I also recommend looking into a solution that supports VXLAN (or GENEVE, or 
whatever overlay works for your needs) simply because MAC is carried in Layer-3 
so you won't have to deal with spanning tree or monstrous mac tables. But you 
don't need to do an overlay if you just segment with traditional VLANs.
I'm guessing you don't need HA (A/B uplinks utilizing LACP) for these servers?
Also, do you need line rate forwarding? Having 1,000 devices with 1Gb uplinks 
doesn't necessarily mean that full throughput is required... the clustering and 
the applications may be sporadic and bursty?

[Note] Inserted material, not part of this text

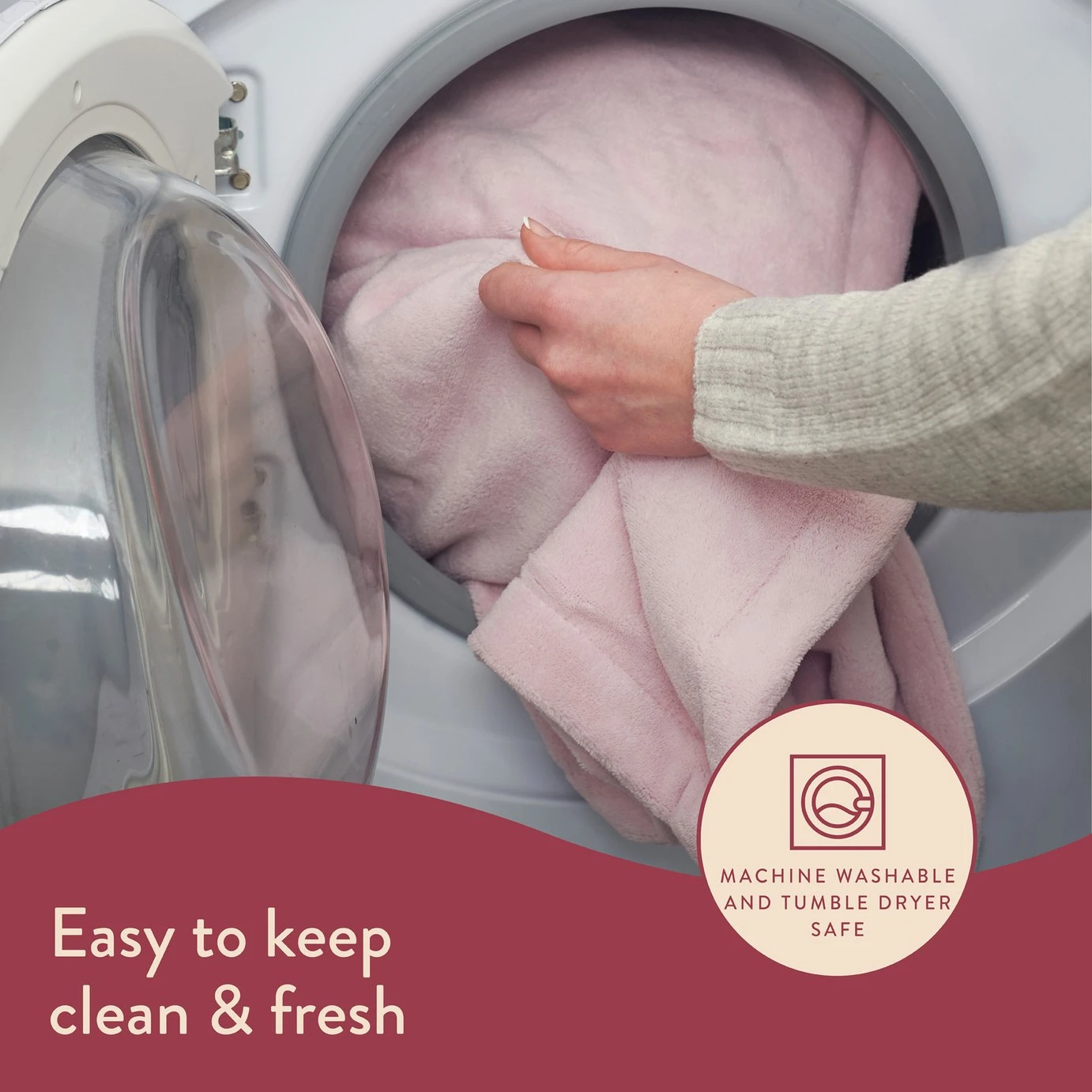 Cocoon yourself in cloud-like comfort with our velvety plush warming Pink throw. Super-sized and seriously soft, the strokable texture makes it the perfect solo or shared snuggle companion. And when you're not requiring the warmth and wellbeing benefits, it doubles up as a stylish living room accessory. 5 minute fast heat up, 6 temperature settings with auto shut off timer. Machine washable and tumble dryer safe; simply detach the digital control. Comes with reusable storage bag and 2 year guarantee. Energy saving, costing from only 1p to run.

I have seen load-testing clusters, 
hadoop and data warehousing pushing high volumes but the individual NICs in the 
clusters never actually hit capacity... If you need line-rate, then you need to 
do a deep dive with several of the vendors because there are significant 
differences in buffers on some models.
And... what support do you need? Just one spare on the shelf or full vendor 
support on every switch? That will impact which vendor you choose.
I'd like to hear more about this effort once you get it going. Which vendor you 
went with, how you tuned it, and why you selected who you did. Also, how it 
works.
LFoD
> Date: Sun, 10 May 2015 01:17:07 +
> From: jo...@iecc.com
> To: nanog@nanog.org
> Subject: Re: Thousands of hosts on a gigabit LAN, maybe not
> 
> In article 
>  you 
> write:
> >Juniper OCX1100 have 72 ports in 1U.
> 
> Yeah, too bad it costs $32,000.  Other than that it'd be perfect.
> 
> R's,
> John